I have a similar question (It's the same form, just different numbers).

So, you would have...

f_{s}=\muN

You need the least distance needed to stop, so you would start by finding the maximum acceleration, correct?

I will denote m_{t} as the truck's mass and a_{t} as the acceleration of the truck.

So, f_{s}=\mum_{t}g = m_{t}a_{t}

So, the masses cancel out, leaving...

\mug = a_{t}

So, a_{t} is .36(9.8)...

a_{t} = 3.53 m/s^2 Am I on the right track?

Looks correct.

 

[Aggression200]

Thanks, PeterO.

Does this method from here on seem right?

Since I have a, V_{i}, and V_{f}, I can now solve for \Deltax using kinematics...

V_{f}^{2}=V_{i}^{2}+2a\Deltax

V_{f}=0 m/s
V_{i}= 19.44 m/s
a = -3.53 m/s^2

So...

\Deltax = \frac{-(19.44)^2}{-2(3.53)}

So, \Deltax = 53.5 m ?

 

[PeterO]

Thanks, PeterO.

Does this method from here on seem right?

Since I have a, V_{i}, and V_{f}, I can now solve for \Deltax using kinematics...

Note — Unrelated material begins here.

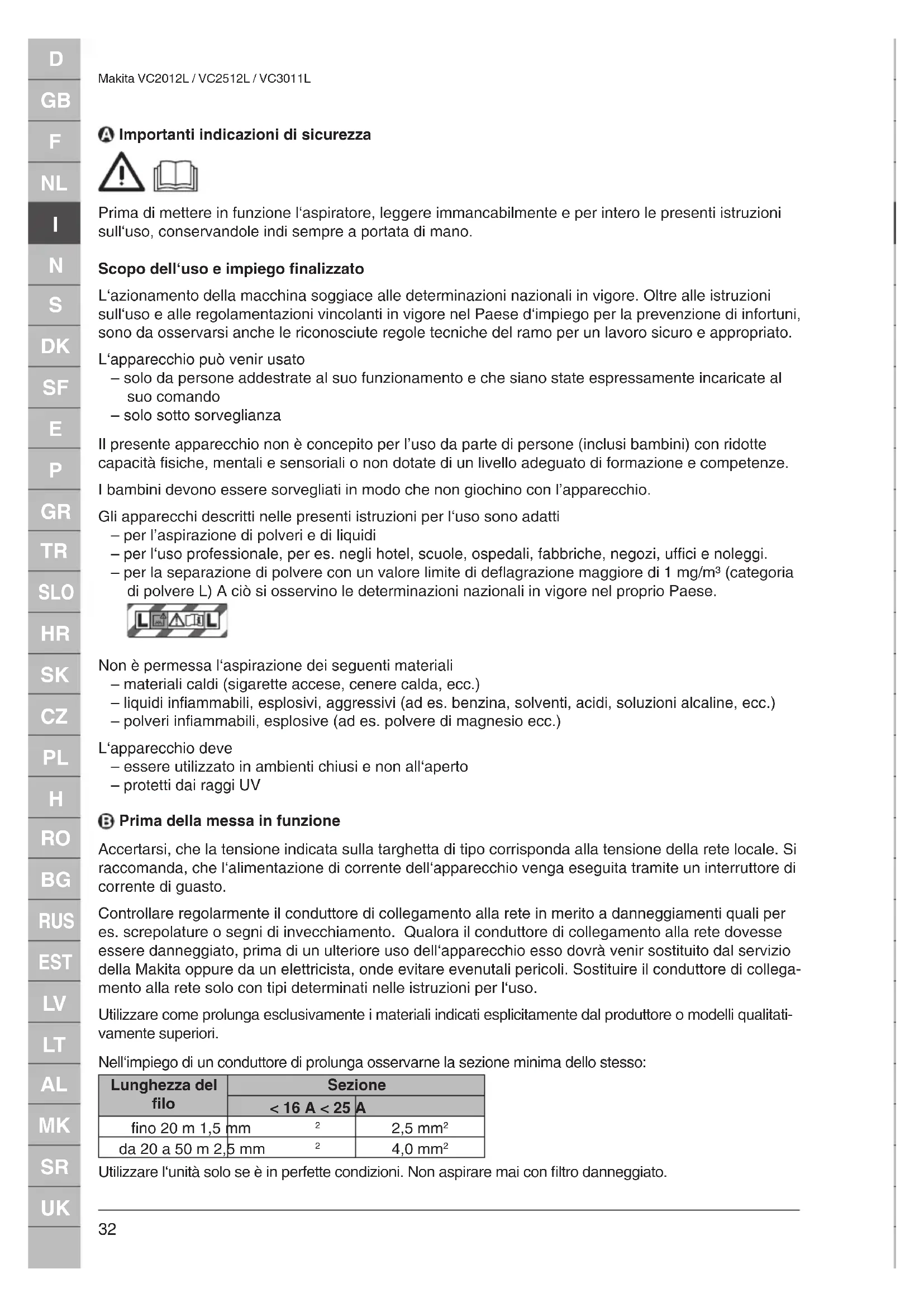 Makita VC2012L / VC2512L / VC3011L Importanti indicazioni di sicurezza Prima di mettere in funzione l‘aspiratore, leggere immancabilmente e per intero le presenti istruzioni sull‘uso, conservandole indi sempre a portata di mano. Scopo dell‘uso e impiego finalizzato L‘azionamento della macchina soggiace alle determinazioni nazionali in vigore. Oltre alle istruzioni sull‘uso e alle regolamentazioni vincolanti in vigore nel Paese d‘impiego per la prevenzione di infortuni, sono da osservarsi anche le riconosciute regole tecniche del ramo per un lavoro sicuro e appropriato. L‘apparecchio può venir usato – solo da persone addestrate al suo funzionamento e che siano state espressamente incaricate al suo comando – solo sotto sorveglianza Il presente apparecchio non è concepito per l’uso da parte di persone (inclusi bambini) con ridotte capacità fisiche, mentali e sensoriali o non dotate di un livello adeguato di formazione e competenze. I bambini devono essere sorvegliati in modo che non giochino con l’apparecchio. Gli apparecchi descritti nelle presenti istruzioni per l‘uso sono adatti – per l’aspirazione di polveri e di liquidi – per l‘uso professionale, per es. negli hotel, scuole, ospedali, fabbriche, negozi, uffici e noleggi. – per la separazione di polvere con un valore limite di deflagrazione maggiore di 1 mg/m³ (categoria di polvere L) A ciò si osservino le determinazioni nazionali in vigore nel proprio Paese. Non è permessa l‘aspirazione dei seguenti materiali – materiali caldi (sigarette accese, cenere calda, ecc.) – liquidi infiammabili, esplosivi, aggressivi (ad es. benzina, solventi, acidi, soluzioni alcaline, ecc.) – polveri infiammabili, esplosive (ad es. polvere di magnesio ecc.) L‘apparecchio deve – essere utilizzato in ambienti chiusi e non all‘aperto – protetti dai raggi UV Prima della messa in funzione Accertarsi, che la tensione indicata sulla targhetta di tipo corrisponda alla tensione della rete locale. Si raccomanda, che l‘alimentazione di corrente dell‘apparecchio venga eseguita tramite un interruttore di corrente di guasto. Controllare regolarmente il conduttore di collegamento alla rete in merito a danneggiamenti quali per es. screpolature o segni di invecchiamento. Qualora il conduttore di collegamento alla rete dovesse essere danneggiato, prima di un ulteriore uso dell‘apparecchio esso dovrà venir sostituito dal servizio della Makita oppure da un elettricista, onde evitare evenutali pericoli. Sostituire il conduttore di collega- mento alla rete solo con tipi determinati nelle istruzioni per l‘uso. Utilizzare come prolunga esclusivamente i materiali indicati esplicitamente dal produttore o modelli qualitati- vamente superiori. Nell‘impiego di un conduttore di prolunga osservarne la sezione minima dello stesso: Lunghezza del filo Sezione < 16 A < 25 A fino 20 m 1,5 mm

V_{f}^{2}=V_{i}^{2}+2a\Deltax

V_{f}=0 m/s
V_{i}= 19.44 m/s
a = -3.53 m/s^2

So...

\Deltax = \frac{-(19.44)^2}{-3.53}

So, \Deltax = 107 m ?

Assuming you arithmetic was correct that should be true.
rough check is: average speed approx 10m/s
time to stop approx 5 seconds
Distance covered approx 50m ?

You are out by a factor of 2 ??

I bolded and coloured a 2 in one of your formulas. have you perhaps overlooked it during your calculations?

 

[Aggression200]

Assuming you arithmetic was correct that should be true.
rough check is: average speed approx 10m/s
time to stop approx 5 seconds
Distance covered approx 50m ?

You are out by a factor of 2 ??

I bolded and coloured a 2 in one of your formulas. have you perhaps overlooked it during your calculations?

Yes, I caught it right before you posted. Sorry. I had it written down on my paper, but typed it in wrong.

Thanks for all your help, PeterO.

 

[cassienoelle]

nevermind! THANK YOU THANK YOU THANK YOU!

 

[Aggression200]

nevermind! THANK YOU THANK YOU THANK YOU!

You're very welcome. Sometimes it just helps to see other people work it out.

 

[cassienoelle]

You're very welcome. Sometimes it just helps to see other people work it out.

The class I'm taking is online, and he hasn't showed us how to work these out very well. So it's extremely frustrating. Thank you for understanding.

 

[cassienoelle]

Nevermind i got it all by myself :d

 

[Aggression200]

The class I'm taking is online, and he hasn't showed us how to work these out very well. So it's extremely frustrating. Thank you for understanding.

I understand completely. Teachers in the classroom who don't explain it very well make it extremely frustrating, much less online.